Problem statement.
Pictures aside, each entry has to be returned exactly as it stands.

══════

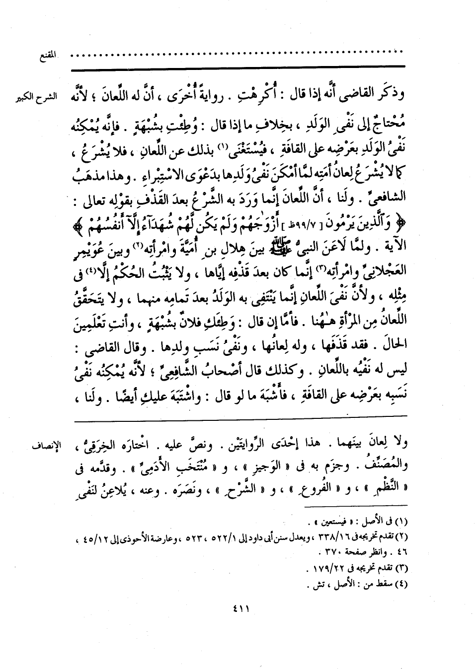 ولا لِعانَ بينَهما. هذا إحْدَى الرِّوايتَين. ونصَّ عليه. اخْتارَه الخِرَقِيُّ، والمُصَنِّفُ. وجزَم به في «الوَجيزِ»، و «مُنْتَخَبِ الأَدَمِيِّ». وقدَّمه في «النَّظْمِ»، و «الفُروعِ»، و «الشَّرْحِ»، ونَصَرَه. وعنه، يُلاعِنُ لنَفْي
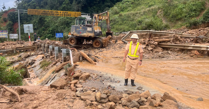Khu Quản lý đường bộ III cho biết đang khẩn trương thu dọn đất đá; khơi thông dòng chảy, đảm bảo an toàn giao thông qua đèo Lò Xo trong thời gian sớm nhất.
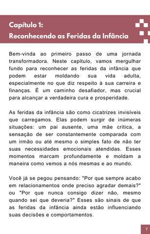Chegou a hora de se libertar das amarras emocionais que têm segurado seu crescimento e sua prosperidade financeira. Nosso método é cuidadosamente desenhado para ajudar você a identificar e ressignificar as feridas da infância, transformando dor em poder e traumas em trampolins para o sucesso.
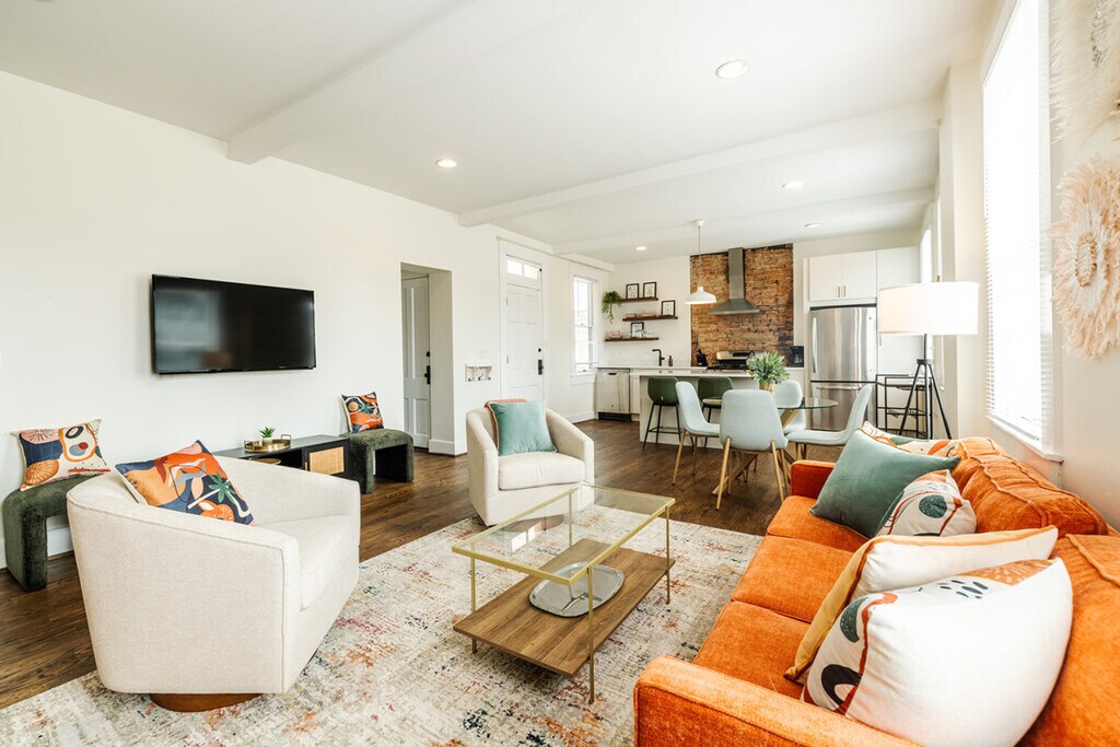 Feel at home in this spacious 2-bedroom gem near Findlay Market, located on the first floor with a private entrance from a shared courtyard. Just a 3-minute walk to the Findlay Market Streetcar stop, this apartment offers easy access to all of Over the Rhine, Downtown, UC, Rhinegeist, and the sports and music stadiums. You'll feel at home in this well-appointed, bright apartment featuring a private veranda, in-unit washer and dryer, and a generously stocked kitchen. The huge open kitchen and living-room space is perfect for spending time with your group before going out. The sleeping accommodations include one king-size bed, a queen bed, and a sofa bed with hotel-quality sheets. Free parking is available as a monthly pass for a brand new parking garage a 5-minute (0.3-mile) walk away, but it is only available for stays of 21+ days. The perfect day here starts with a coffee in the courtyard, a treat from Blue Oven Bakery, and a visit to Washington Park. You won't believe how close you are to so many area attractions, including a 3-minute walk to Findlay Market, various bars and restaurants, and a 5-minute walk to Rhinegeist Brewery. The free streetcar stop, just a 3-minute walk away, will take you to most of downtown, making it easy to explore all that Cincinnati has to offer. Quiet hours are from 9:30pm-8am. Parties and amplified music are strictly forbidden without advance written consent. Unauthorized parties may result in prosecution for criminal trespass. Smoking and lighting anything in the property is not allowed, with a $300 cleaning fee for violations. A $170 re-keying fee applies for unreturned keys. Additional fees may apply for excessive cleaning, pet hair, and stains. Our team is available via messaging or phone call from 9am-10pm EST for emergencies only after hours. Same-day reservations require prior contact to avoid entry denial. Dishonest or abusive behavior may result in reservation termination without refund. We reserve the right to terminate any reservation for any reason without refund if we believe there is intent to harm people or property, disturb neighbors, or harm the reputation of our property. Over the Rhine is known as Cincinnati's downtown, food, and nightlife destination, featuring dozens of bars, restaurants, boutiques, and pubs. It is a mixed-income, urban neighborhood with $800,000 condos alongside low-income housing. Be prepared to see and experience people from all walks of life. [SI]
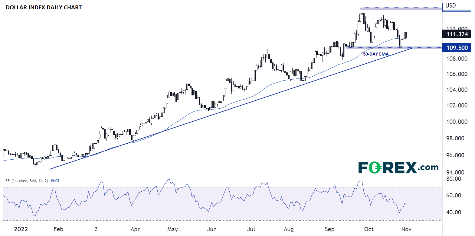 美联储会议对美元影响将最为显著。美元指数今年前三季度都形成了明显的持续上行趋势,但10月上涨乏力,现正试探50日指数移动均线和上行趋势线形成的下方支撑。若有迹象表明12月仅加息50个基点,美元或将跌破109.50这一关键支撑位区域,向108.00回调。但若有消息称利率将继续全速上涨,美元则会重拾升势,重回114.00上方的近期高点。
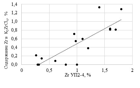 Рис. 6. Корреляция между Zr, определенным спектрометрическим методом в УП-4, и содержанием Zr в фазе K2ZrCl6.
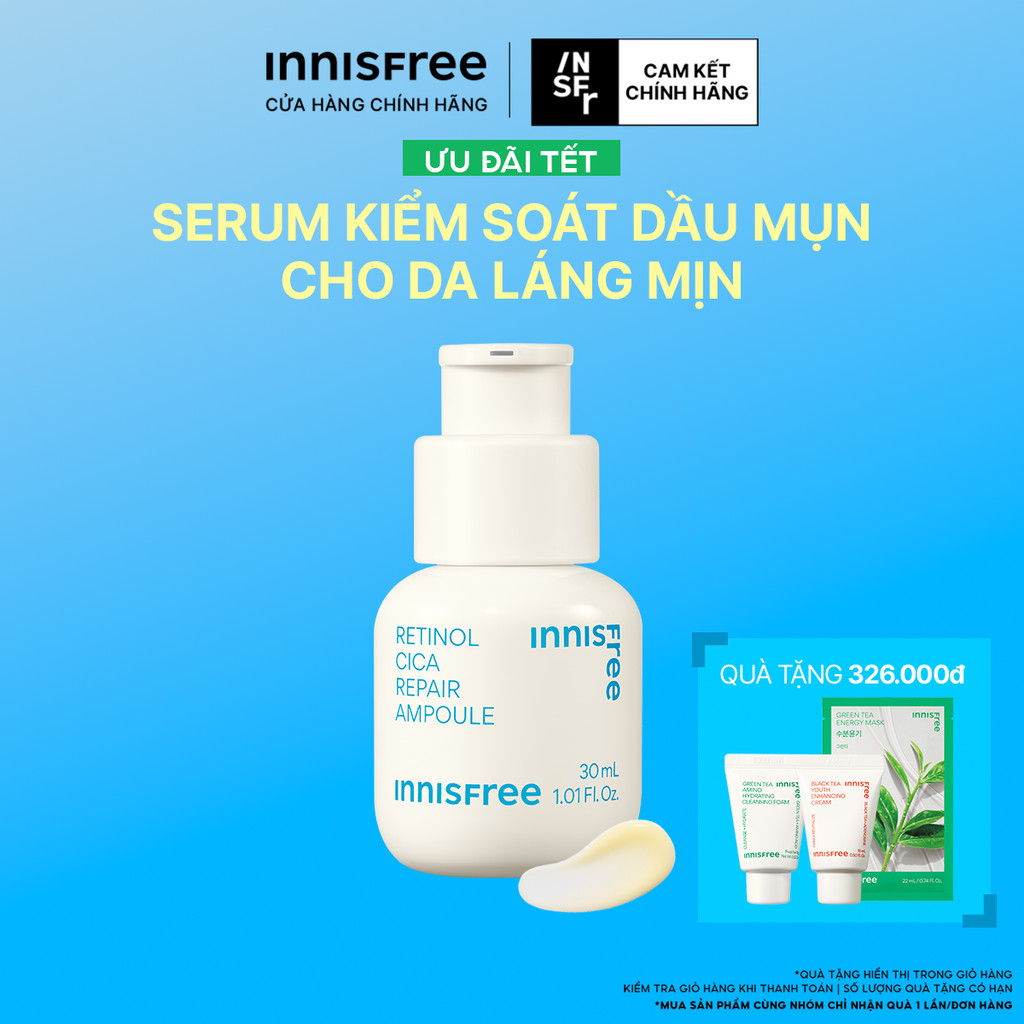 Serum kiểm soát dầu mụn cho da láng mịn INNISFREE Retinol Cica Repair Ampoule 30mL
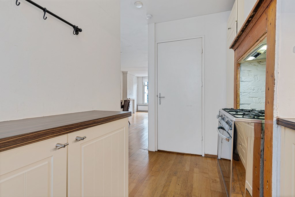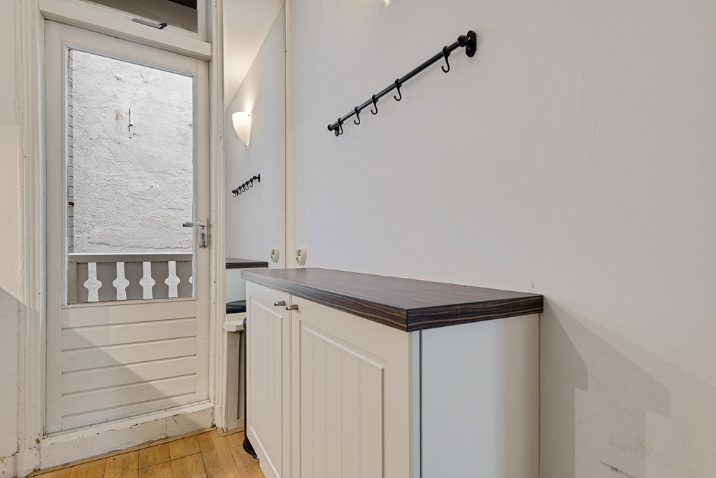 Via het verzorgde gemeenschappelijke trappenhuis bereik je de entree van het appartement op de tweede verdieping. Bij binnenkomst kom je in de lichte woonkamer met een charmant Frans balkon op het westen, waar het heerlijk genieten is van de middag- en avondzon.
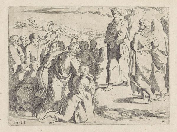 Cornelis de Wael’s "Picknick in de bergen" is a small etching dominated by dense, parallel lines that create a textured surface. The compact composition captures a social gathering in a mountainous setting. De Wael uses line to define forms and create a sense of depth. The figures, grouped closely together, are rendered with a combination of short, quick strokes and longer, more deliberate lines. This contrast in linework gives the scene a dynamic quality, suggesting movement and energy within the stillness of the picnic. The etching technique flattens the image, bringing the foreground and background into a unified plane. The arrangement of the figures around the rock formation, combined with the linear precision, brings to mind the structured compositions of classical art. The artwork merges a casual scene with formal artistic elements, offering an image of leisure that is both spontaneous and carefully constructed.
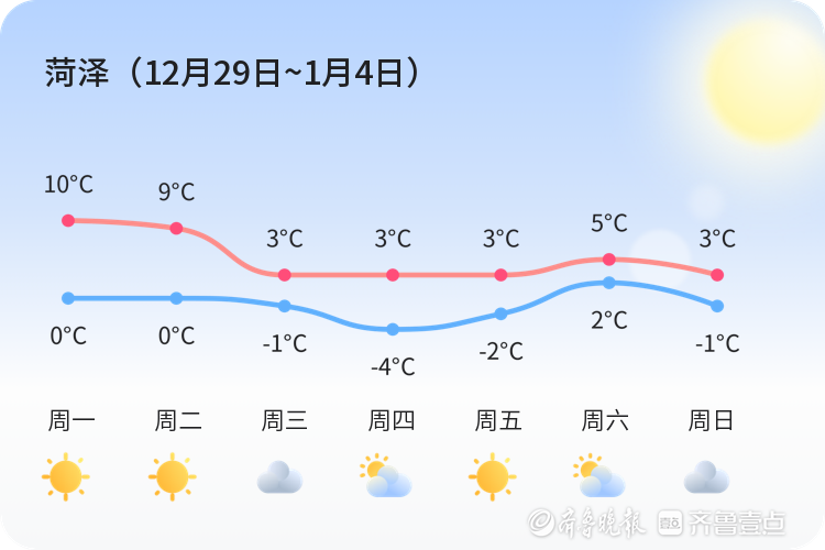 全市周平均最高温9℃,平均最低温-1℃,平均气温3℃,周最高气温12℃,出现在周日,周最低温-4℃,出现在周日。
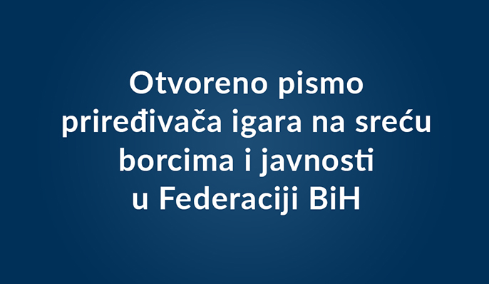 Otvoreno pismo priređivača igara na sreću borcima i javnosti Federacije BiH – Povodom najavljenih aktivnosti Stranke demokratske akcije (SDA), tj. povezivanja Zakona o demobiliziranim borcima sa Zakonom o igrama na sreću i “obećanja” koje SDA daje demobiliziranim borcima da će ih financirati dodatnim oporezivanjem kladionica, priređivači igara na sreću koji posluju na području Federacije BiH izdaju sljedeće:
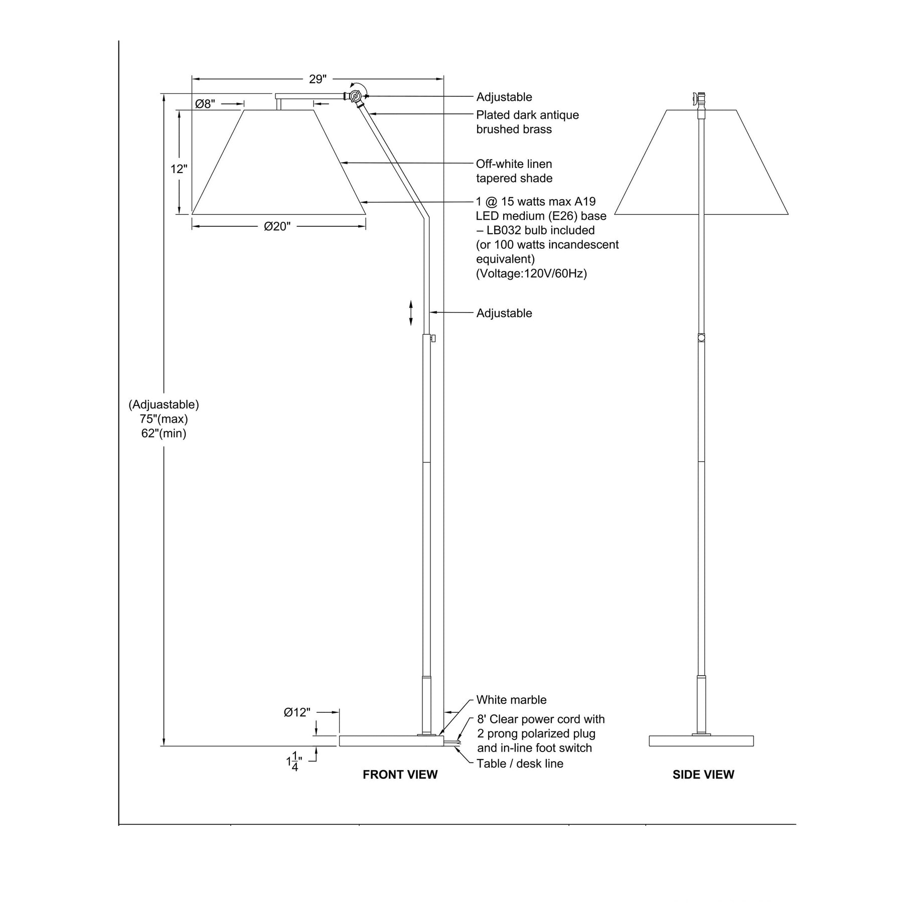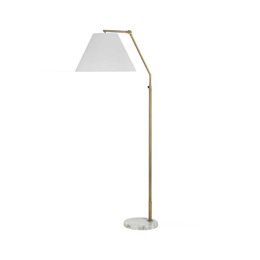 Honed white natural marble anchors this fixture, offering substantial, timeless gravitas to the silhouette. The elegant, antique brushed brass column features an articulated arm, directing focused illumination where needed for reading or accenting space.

══════

Written answer.
 ولا لِعانَ بينَهما. هذا إحْدَى الرِّوايتَين. ونصَّ عليه. اخْتارَه الخِرَقِيُّ، والمُصَنِّفُ. وجزَم به في «الوَجيزِ»، و «مُنْتَخَبِ الأَدَمِيِّ». وقدَّمه في «النَّظْمِ»، و «الفُروعِ»، و «الشَّرْحِ»، ونَصَرَه. وعنه، يُلاعِنُ لنَفْي
Khu Quản lý đường bộ III cho biết đang khẩn trương thu dọn đất đá; khơi thông dòng chảy, đảm bảo an toàn giao thông qua đèo Lò Xo trong thời gian sớm nhất.
Chegou a hora de se libertar das amarras emocionais que têm segurado seu crescimento e sua prosperidade financeira. Nosso método é cuidadosamente desenhado para ajudar você a identificar e ressignificar as feridas da infância, transformando dor em poder e traumas em trampolins para o sucesso.
 Feel at home in this spacious 2-bedroom gem near Findlay Market, located on the first floor with a private entrance from a shared courtyard. Just a 3-minute walk to the Findlay Market Streetcar stop, this apartment offers easy access to all of Over the Rhine, Downtown, UC, Rhinegeist, and the sports and music stadiums. You'll feel at home in this well-appointed, bright apartment featuring a private veranda, in-unit washer and dryer, and a generously stocked kitchen. The huge open kitchen and living-room space is perfect for spending time with your group before going out. The sleeping accommodations include one king-size bed, a queen bed, and a sofa bed with hotel-quality sheets. Free parking is available as a monthly pass for a brand new parking garage a 5-minute (0.3-mile) walk away, but it is only available for stays of 21+ days. The perfect day here starts with a coffee in the courtyard, a treat from Blue Oven Bakery, and a visit to Washington Park. You won't believe how close you are to so many area attractions, including a 3-minute walk to Findlay Market, various bars and restaurants, and a 5-minute walk to Rhinegeist Brewery. The free streetcar stop, just a 3-minute walk away, will take you to most of downtown, making it easy to explore all that Cincinnati has to offer. Quiet hours are from 9:30pm-8am. Parties and amplified music are strictly forbidden without advance written consent. Unauthorized parties may result in prosecution for criminal trespass. Smoking and lighting anything in the property is not allowed, with a $300 cleaning fee for violations. A $170 re-keying fee applies for unreturned keys. Additional fees may apply for excessive cleaning, pet hair, and stains. Our team is available via messaging or phone call from 9am-10pm EST for emergencies only after hours. Same-day reservations require prior contact to avoid entry denial. Dishonest or abusive behavior may result in reservation termination without refund. We reserve the right to terminate any reservation for any reason without refund if we believe there is intent to harm people or property, disturb neighbors, or harm the reputation of our property. Over the Rhine is known as Cincinnati's downtown, food, and nightlife destination, featuring dozens of bars, restaurants, boutiques, and pubs. It is a mixed-income, urban neighborhood with $800,000 condos alongside low-income housing. Be prepared to see and experience people from all walks of life. [SI]
 美联储会议对美元影响将最为显著。美元指数今年前三季度都形成了明显的持续上行趋势,但10月上涨乏力,现正试探50日指数移动均线和上行趋势线形成的下方支撑。若有迹象表明12月仅加息50个基点,美元或将跌破109.50这一关键支撑位区域,向108.00回调。但若有消息称利率将继续全速上涨,美元则会重拾升势,重回114.00上方的近期高点。
 Рис. 6. Корреляция между Zr, определенным спектрометрическим методом в УП-4, и содержанием Zr в фазе K2ZrCl6.
 Serum kiểm soát dầu mụn cho da láng mịn INNISFREE Retinol Cica Repair Ampoule 30mL
 Via het verzorgde gemeenschappelijke trappenhuis bereik je de entree van het appartement op de tweede verdieping. Bij binnenkomst kom je in de lichte woonkamer met een charmant Frans balkon op het westen, waar het heerlijk genieten is van de middag- en avondzon.
 Cornelis de Wael’s "Picknick in de bergen" is a small etching dominated by dense, parallel lines that create a textured surface. The compact composition captures a social gathering in a mountainous setting. De Wael uses line to define forms and create a sense of depth. The figures, grouped closely together, are rendered with a combination of short, quick strokes and longer, more deliberate lines. This contrast in linework gives the scene a dynamic quality, suggesting movement and energy within the stillness of the picnic. The etching technique flattens the image, bringing the foreground and background into a unified plane. The arrangement of the figures around the rock formation, combined with the linear precision, brings to mind the structured compositions of classical art. The artwork merges a casual scene with formal artistic elements, offering an image of leisure that is both spontaneous and carefully constructed.
 全市周平均最高温9℃,平均最低温-1℃,平均气温3℃,周最高气温12℃,出现在周日,周最低温-4℃,出现在周日。
 Otvoreno pismo priređivača igara na sreću borcima i javnosti Federacije BiH – Povodom najavljenih aktivnosti Stranke demokratske akcije (SDA), tj. povezivanja Zakona o demobiliziranim borcima sa Zakonom o igrama na sreću i “obećanja” koje SDA daje demobiliziranim borcima da će ih financirati dodatnim oporezivanjem kladionica, priređivači igara na sreću koji posluju na području Federacije BiH izdaju sljedeće:
 Honed white natural marble anchors this fixture, offering substantial, timeless gravitas to the silhouette. The elegant, antique brushed brass column features an articulated arm, directing focused illumination where needed for reading or accenting space.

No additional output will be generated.